*What you need to do*:
For the entries below, print exactly the lines between the line holding "smarcal1 (SWI/SNF related, matrix" and the line holding "King Prince永瀬廉がラジオパーソナリティに初挑戦 6", inclusive, and nothing else.

*Working data*:
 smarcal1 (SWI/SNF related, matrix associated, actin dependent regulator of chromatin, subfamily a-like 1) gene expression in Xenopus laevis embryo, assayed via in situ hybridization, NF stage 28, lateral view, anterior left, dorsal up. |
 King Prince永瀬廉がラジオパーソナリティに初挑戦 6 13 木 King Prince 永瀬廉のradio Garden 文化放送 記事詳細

...

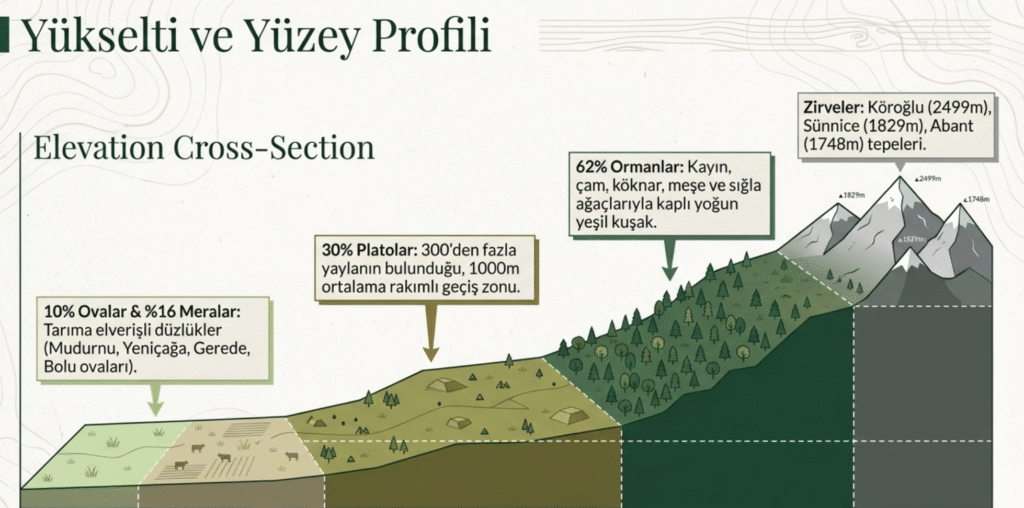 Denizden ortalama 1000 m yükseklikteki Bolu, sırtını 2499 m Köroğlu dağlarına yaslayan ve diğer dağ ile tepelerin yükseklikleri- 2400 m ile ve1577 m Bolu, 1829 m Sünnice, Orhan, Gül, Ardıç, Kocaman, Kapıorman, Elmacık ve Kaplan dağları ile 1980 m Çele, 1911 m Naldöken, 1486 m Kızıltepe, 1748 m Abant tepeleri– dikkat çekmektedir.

*Problem solution*:
 smarcal1 (SWI/SNF related, matrix associated, actin dependent regulator of chromatin, subfamily a-like 1) gene expression in Xenopus laevis embryo, assayed via in situ hybridization, NF stage 28, lateral view, anterior left, dorsal up. |
 King Prince永瀬廉がラジオパーソナリティに初挑戦 6 13 木 King Prince 永瀬廉のradio Garden 文化放送 記事詳細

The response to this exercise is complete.